I’ve often thought if I were put in charge of a clinical or counseling psychology program’s curriculum, I would make major changes to the outdated way we teach theory. Instead of the typical historical survey method of teaching specific theories/theorists of the past 130 years, I would group all psychotherapies into two categories: (1) relationally-focused or process-focused psychotherapies (which include psychoanalytic therapy, humanistic, existential, and other similarly unstructured, relationally-focused and depth-oriented therapies), and (2) skills-focused or content-focused psychotherapies (which include the various cognitive-behavioral therapies and other structured therapies). In my view, the major distinctions between therapies are best understood by this dichotomy and therapists should be trained to work effectively in both paradigms (for more details, see these slides).

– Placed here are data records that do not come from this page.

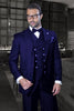 Two Button Peak Lapel One Chest Pocket Two Flap Front Pockets Full Cut / Wide Leg Double Breasted Slanted Vest Color: Royal Blue SKU#JA54969
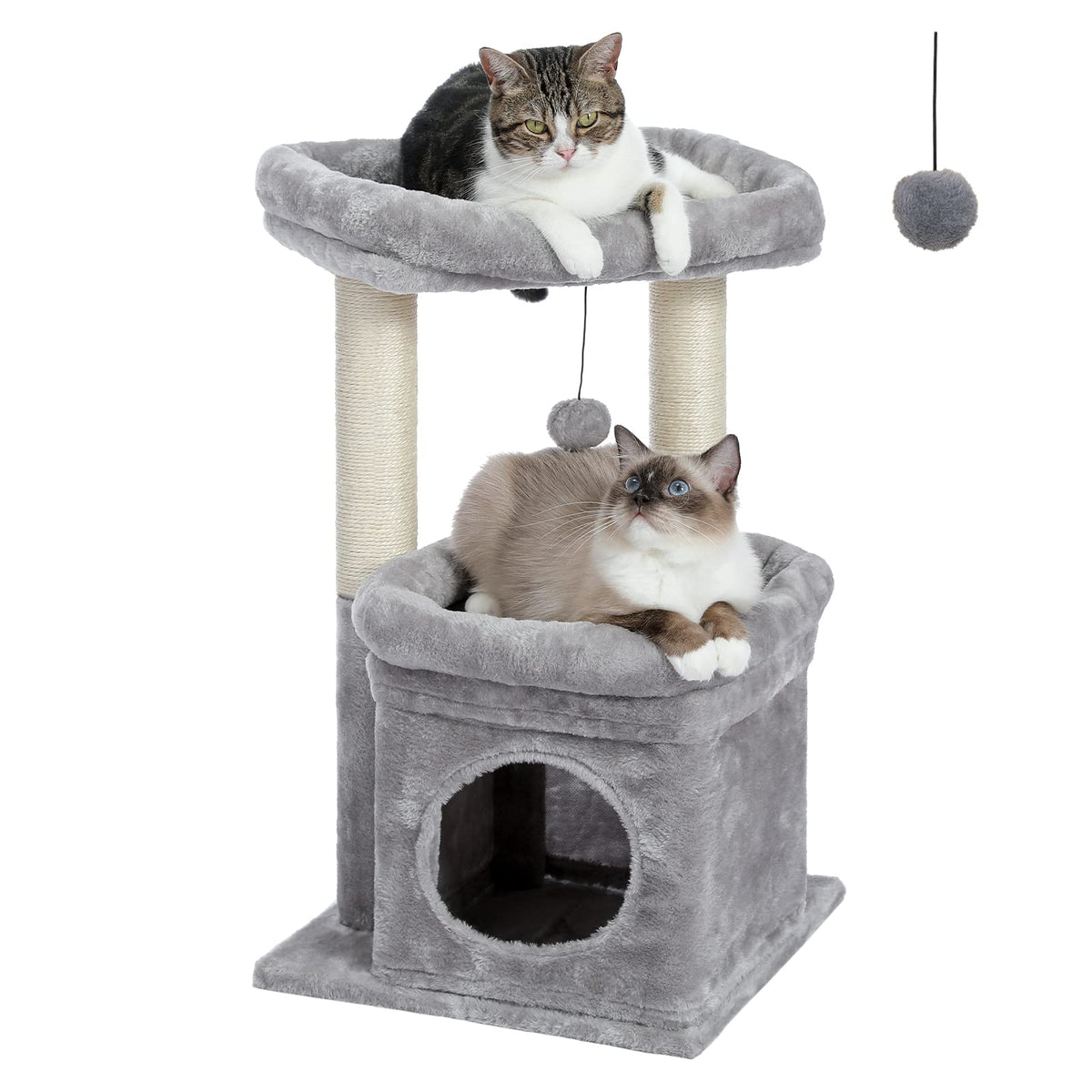 SUPERIOR QUALITY: composed by high quality cARB-certified Board and plush fabric the condo and perches are very soft and comfortable your furry family members will love the plush touch and enjoy exploring and sniffing around its new home Reinforced scratching posts are covered by natural sisal rope-one kind of healthy material which your cats will love because it feels a lot like scratching on tree bark cOZY AND WIDENED PERcH: 2 nicely cushioned and extra-large cat perch(213*157) with raised edge offers prime relaxing spot for your fur babies to lie down or sit on to look out the window The top perch is designed big enough to hold 2 kittens at the same time so that these 3 good friends can enjoy a nice sleeping or playtime together MORE FUN AND cOMFORT: A spacious and soft condo allows your cats to have a sweet dream after meal or heshe can choose the plush perch to have a short nap meanwhile enjoy the sunshine or outside scenery 3 straight scratching posts fully wrapped by sisal ropes provide plenty and healthy room to let your cats to sharpen their nails a feline favorite While the dangling ball is replaceable and will bring your cats extra fun SAFE AND STABLE: Reinforced base plate and well-balanced design make sure your cats can easily and safely leap on or off this small but sturdy cat tree EASY TO ASSEMBLE AND NIcE LOOKINg: Its attractive look will match with any room in your house like a piece of nice pet furniture rather than a jungle gym All the necessary tools are included just following the instruction step by step ItAs super easy to set it up The top cover is removable for easy care
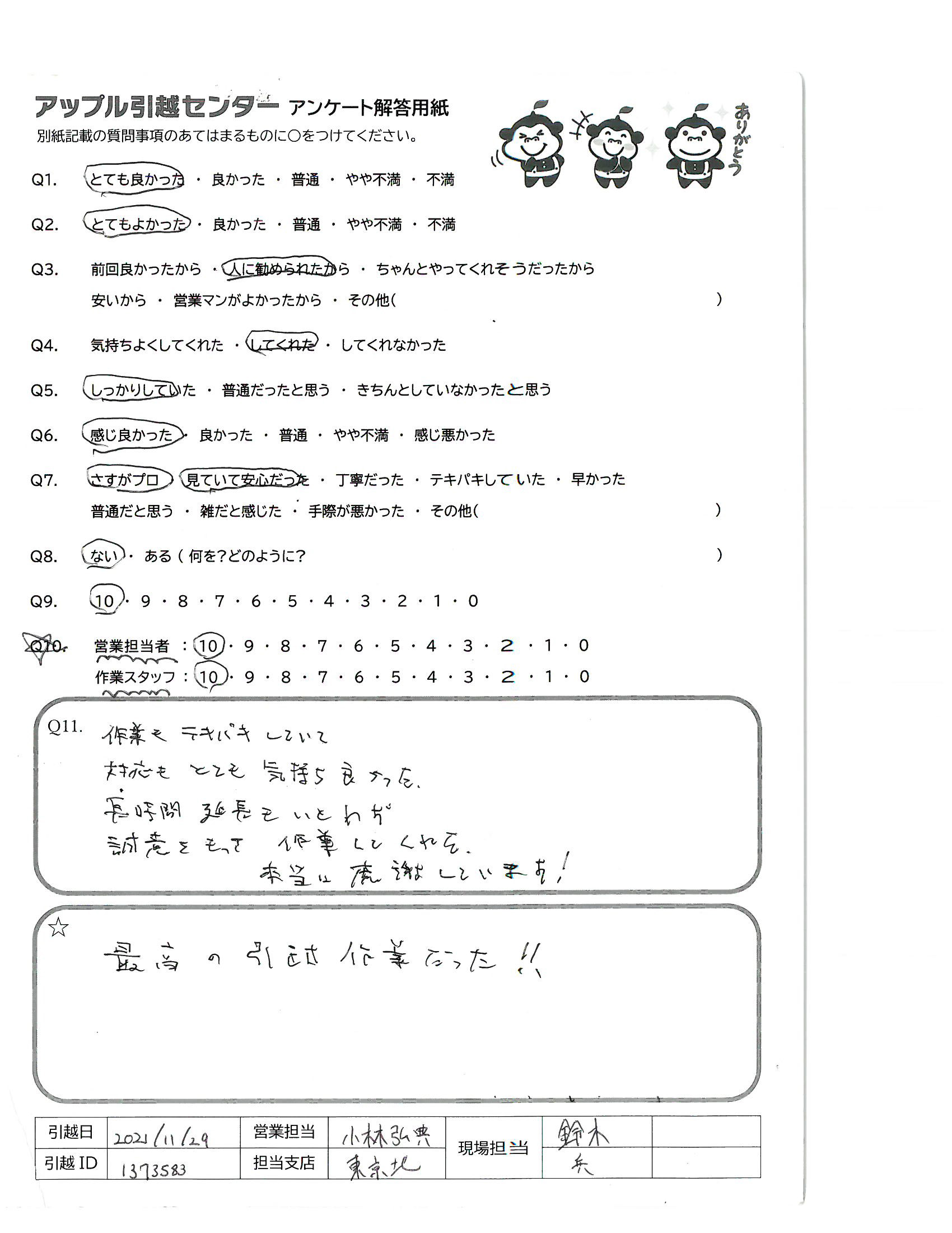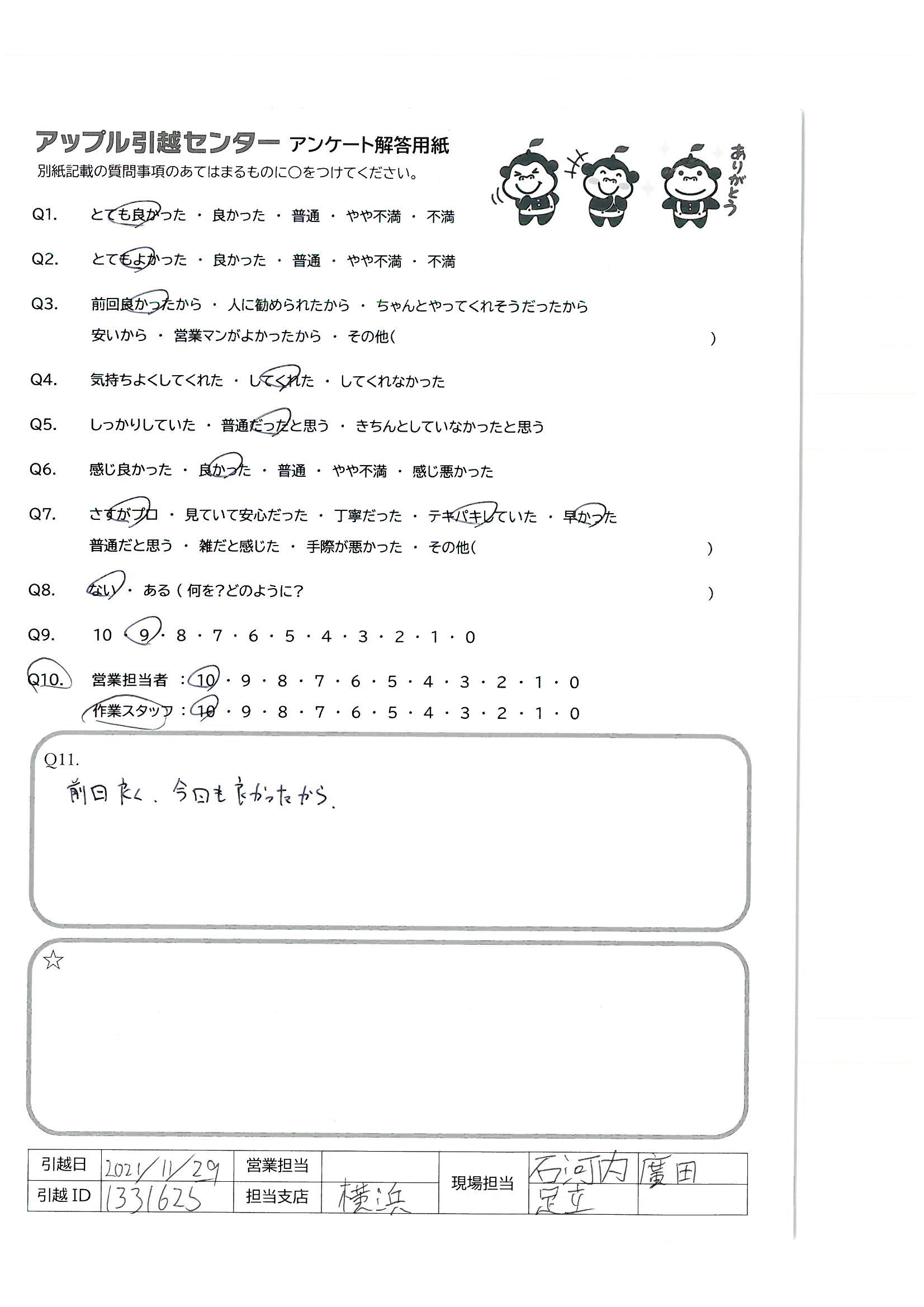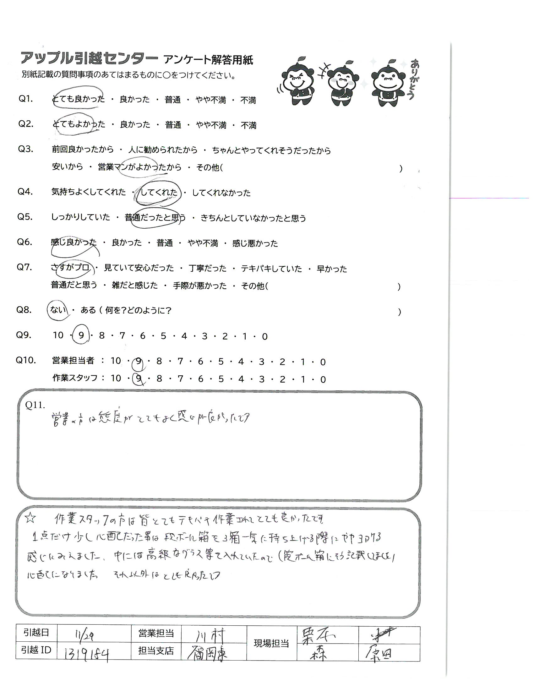 A.お話ししやすい担当の方々でとても良かったです(総合として) 又、引越しする時には、見積りは一度連絡入れさせて頂くと思います。 アンケート遅くなりすみません。年末年始身体に気を付けてがんばって下さいね!!

Relationally-focused therapies such as psychoanalysis focus less on the content or what a person communicates, and instead focus on the process or how a person communicates. In How I Talk with My Patients, Thomas Ogden illustrates this way of thinking from the therapist’s subjective experience with patients in session. He offers detailed clinical vignettes to give you an appreciation for this way of listening and interacting within sessions.


A few brief notes to assist with your reading:


  • Thomas Ogden is one of the most celebrated contemporary psychoanalytic writers. Ogden is influenced by object relations and relational thinking. He’s written quite a lot on the work of Melanie Klein, DW Winnicott, and Wilfred Bion (all prominent British object relational theorists). His somewhat unique therapeutic style relies heavily on making use of his countertransference and what he describes as “dreaming the session” with patients.

  • Ogden makes several references to secondary process in this paper. In case this is an unfamiliar term to you, Freud wrote about primary process and secondary process thinking. If you're familiar with the work of Nobel Prize laureate and psychologist Daniel Kahneman's work on Type I and Type II thinking, it's roughly analogous to this idea. Basically, primary process thinking occurs outside of consciousness. It happens very fast and can co-occur with multiple thoughts simultaneously. Secondary process is slower, conscious, more deliberate, and occurs one thought at a time. In psychoanalysis, we want to encourage patients to speak more from primary process - when truly free associating, a patient is speaking without conscious deliberation, giving us more of a glimpse into their primary process/unconscious mental life.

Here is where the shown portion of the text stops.